Для большинства заключенных главным был вопрос: переживу я лагерь или нет? Если нет, то все страдания не имеют смысла. Меня же неотступно преследовало другое: имеет ли смысл само это страдание, эта смерть, постоянно витающая над нами? Ибо если нет, то нет и смысла вообще выживать в лагере. Если весь смысл жизни в том, сохранит ее человек или нет, если он всецело зависит от милости случая, – такая жизнь, в сущности, и не стоит того, чтобы жить(?).
В том, как человек принимает для себя неизбежную судьбу и вместе с нею все страдания, которые она ему посылает, открывается, даже в самых тяжелых ситуациях и в последние минуты жизни, множество возможностей придать жизни смысл. Это зависит от того, сохранит ли человек силу духа, достоинство и самоотверженность, или же в до предела заостренной борьбе за самосохранение утратит свою человечность и полностью превратится в стадное животное, о котором нам напоминает психология узников концлагеря; от того, осуществил человек, или утратил те ценностные возможности, которые предоставили ему его ситуация страдания и его тяжелая судьба, – от того, оказался ли он «достоин своих мучений», или нет.
Конечно, лишь немногие, лишь редкие люди сохраняли в лагере свою внутреннюю свободу, возвышаясь до осуществления тех ценностей, которые раскрывает страдание. Но если бы этому был даже один-единственный пример, он все равно служил бы доказательством того, что внутренне человек может быть сильнее своих внешних обстоятельств. И не только в концлагере. Человек всегда и везде противостоит судьбе, и это противостояние дает ему возможность превратить свое страдание во внутреннее достижение.
…Когда-то, много лет назад, мы смотрели фильм «Воскресение» по Толстому и тоже думали: «Вот высокие судьбы, вот великие люди. Ну, а нам не дана такая великая судьба, не суждены такие взлеты»…
Но когда встаешь лицом к лицу со своей судьбой, когда тебе надо решать: сможешь ли ты противопоставить ей силу своего духа, или нет?..

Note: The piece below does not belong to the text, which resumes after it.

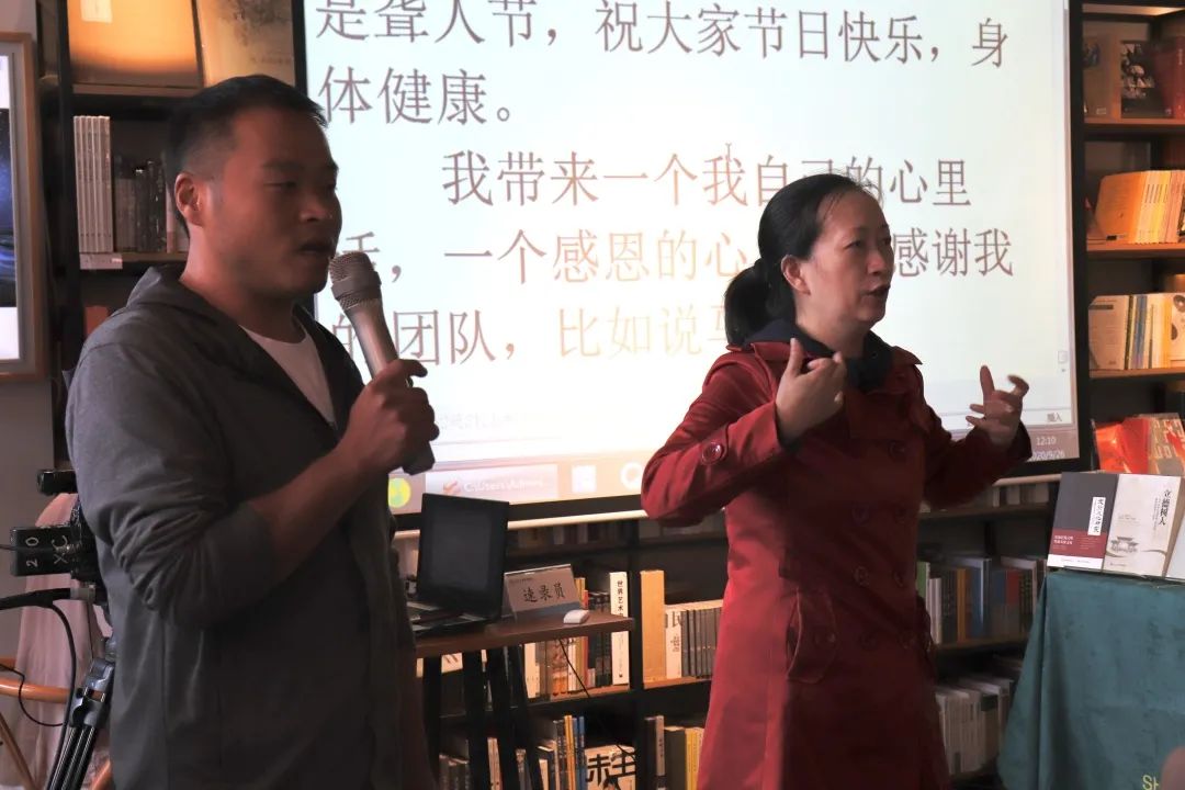 为了迎接9月27日的国际聋人节,提高听力残疾人思想道德水平和文化素养,增强听力残疾人的表达能力,进一步引导听力残障人融入主流社会,由成都市聋人协会主办,ok138cn太阳集团出版社及学子书店—库闻书店、成都市朗诵艺术家协会、中国狮子联会四川代表处、ok138cn太阳集团教育基金会至善社、四川壁虎工场企业管理有限公司共同协办的首届“品味书香·照亮心灵——培育提升赋能,协同并进奔小康”主题教育活动于9月26日在ok138cn太阳集团出版社学子书店——库闻书店正式拉开帷幕。

Вот, например, история смерти одной молодой женщины, заключенной концлагеря, свидетелем которой мне пришлось быть. История проста, здесь много не расскажешь, и все-таки она звучит возвышенно.
Женщина знала, что ей предстоит умереть в ближайшие дни. Но, несмотря на это, она была душевно бодра. «Я благодарна судьбе за то, что она обошлась со мной так сурово, потому что в прежней своей жизни я была слишком избалована, а духовные мои притязания не были серьезны», – сказала она мне, и я запомнила это дословно. Перед самым своим концом она была очень сосредоточенной. «Это дерево – мой единственный друг в моем одиночестве», – прошептала она, показывая на окно барака. Там был каштан, он как раз недавно зацвел, и, наклонившись к нарам больной, можно было разглядеть через маленькое оконце одну зеленую ветку с двумя соцветиями-свечками. «Я часто разговариваю с этим деревом». Эти ее слова меня смутили, я не знала, как их понять. Может быть, это уже – бред, галлюцинации? Я спросила, отвечает ли ей дерево, и что оно говорит, и услышала в ответ: «Оно мне сказало: «Я здесь, я здесь, я здесь… Я – жизнь, вечная жизнь…»».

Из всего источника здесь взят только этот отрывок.